Overexercise linked to dangerous muscle condition

Ohio fitness enthusiasts know that sore muscles often follow a heavy workout. In rare cases, however, muscle pain can be a symptom of something much more serious.

Recently, a 17-year-old in Texas suffered very sore muscles after lifting weights at a gym for 90 minutes. According to media reports, the teen's muscles were swollen and too tender to touch. Concerned, his mother searched the internet and found information on a potentially deadly medical condition called rhabdomyolysis, or rhabdo. She informed the family pediatrician of her suspicion, and the teen was later diagnosed with the condition. He was hospitalized for five days and is expected to make a full recovery.

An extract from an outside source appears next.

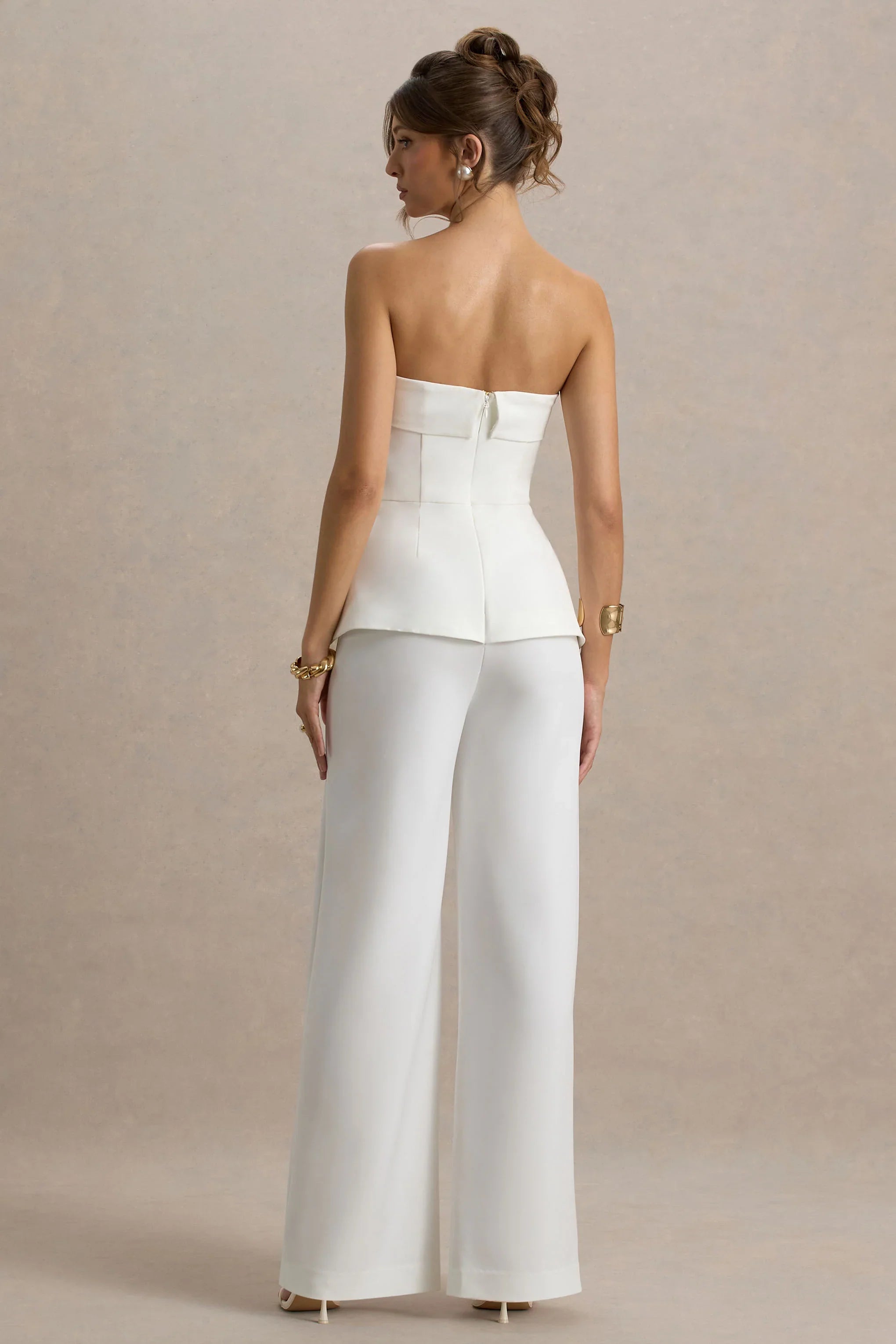 Introducing our latest jumpsuit Noemi, a piece that exudes glamour sophistication. Curated in a classic white shade of our premium stretch crepe, this piece flatters your figure beautifully. Featuring a feminine bandeau neckline, that elegantly frames your shoulders, and detailed with self covered buttons and pocket flaps for an utterly chic finish. From ladies brunches to elegant date nights, Noemi will see you through all occasions.

Rhabdomyolysis causes damaged muscle tissues to break down, which releases a protein called myoglobin into the bloodstream. This protein can harm kidney cells and eventually cause kidney damage. Symptoms of the condition include muscle soreness, fatigue, fever, bruising, nausea, infrequent urination and a rapid heart rate. Medical experts say the condition can be caused by physical muscle injuries, such as overexercise, or genetic muscle injuries. Accidents, burns, electric shocks, venomous bites, infections, alcohol and illegal drugs can also trigger the condition. Each year, approximately 26,000 cases of rhabdo are reported across the U.S. In order to reduce the risk of exercise-related cases, doctors recommend that people drink plenty of fluids when working out.

If rhabdo patients are not promptly diagnosed, they could suffer permanent kidney damage and/or death. Victims of misdiagnosis or delayed diagnosis have the right to pursue compensation in court. By filing a medical malpractice lawsuit, they could receive a settlement that covers medical expenses and other damages. Malpractice lawyers could help patients gather evidence that shows medical negligence.